Approval Decision Routing (Flows)

signal_resume_intent dispatches every decided approval through a deterministic flow chain keyed off the persisted ApprovalItem.source discriminator. The discriminator is fixed at creation so a decided approval routes correctly even if the relevant subsystem is briefly unavailable.

  1. Flow 0 (Conversational intake; source = CONVERSATIONAL_INTAKE, try_conversational_intake_resume): the dispatcher looks up the gating ConversationalProposal, rebuilds the parked WorkItem from work_item_json, and on approve drives it through app_state.work_pipeline.run. On reject the proposal moves to REJECTED and the pipeline is never touched. Hard misconfiguration (no work pipeline) raises 503 rather than silently stranding the work.
  2. Flow 0.5 (Agent invite; source = CONVERSATIONAL_INVITE, try_conversational_invite_resume): the dispatcher seats the invited agent into the group conversation on approve (re-checking the participant cap against the live roster) or moves the invite to DECLINED on reject. Owned here; every other source falls through.
  3. Flow 1 (Mid-execution parking; source = PARKED_CONTEXT, try_mid_execution_resume): the agent that called request_human_approval is parked; the decision resumes the parked context. Direct MCP chat actions (/meta/chat/act) park here.
  4. Flow 2 (Review gate; source = REVIEW_GATE, default): autonomy / hiring / promotion / pruning / scaling / training / signals approvals; the decision drives the task's IN_REVIEW transition.
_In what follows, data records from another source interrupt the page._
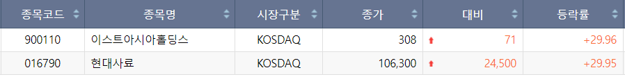 먼저 이스트아시아홀딩스는 그랜드엠파이어인터내셔널그룹리미티트(이하 그랜드엠파이어) 자회사 편입 소식에 전날에 이어 2거래일 연속 상한가를 기록했다.
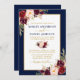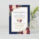 Watercolor Burgundy Floral Gold Blue Wedding Einladung
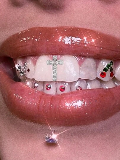 1pc Silver-colored Cross-shaped Dental Braces - Silver - View 1
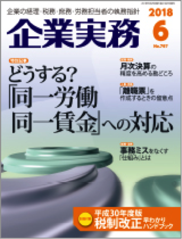 日本実業出版社が発行している、経理・人事・労務などの実務の専門誌『企業実務』6月号に、「どうする?『同一労働同一賃金』への対応」 について執筆しました。今までも何度か同誌には寄稿させていただいていますが、今回はなんと巻頭の「特別記事」でした。表紙にも背表紙にも大きく記事名が書かれると、少し気恥ずかしいですね。

Each branch returns True once it owns the decision, suppressing fall-through. Source is the routing primary; the legacy parked-context probe is the fallback only when the just-decided approval cannot be re-read.

Safety Mechanisms

  • Mandatory human approval: Every proposal goes through ApprovalStore. No auto-apply.
  • Guard chain: 4 sequential guards must all pass before approval routing.
  • Rollback plans: Every proposal must carry a concrete, validated rollback plan.
  • Tiered regression detection: Instant circuit-breaker + delayed statistical test.
  • Auto-rollback: On regression, the rollback plan executes automatically.
  • Rate limiting: Configurable proposal submission limits prevent flood.
  • Scope enforcement: Proposals outside enabled altitudes are rejected.
  • Disabled by default: The entire system is opt-in.

MCP Service Facades and Signal Stores

Following META-MCP-2 (#1524), the signal aggregation surface is backed by three pluggable in-memory stores (each follows the protocol + strategy + factory pattern; durable backends ship behind the same protocol later):

Store Module Role
ErrorTaxonomyStore synthorg.engine.classification.taxonomy_store Ring-buffered classification results feeding ErrorSignalAggregator; subscribes to the ClassificationSink protocol.
EvolutionOutcomeStore synthorg.meta.evolution.outcome_store Ring-buffered applied/rolled-back proposal outcomes feeding EvolutionSignalAggregator.
TelemetryEventCounter synthorg.telemetry.event_counter Rolling event counts by type feeding TelemetrySignalAggregator; registered as a TelemetryCollector.subscribe(...) consumer.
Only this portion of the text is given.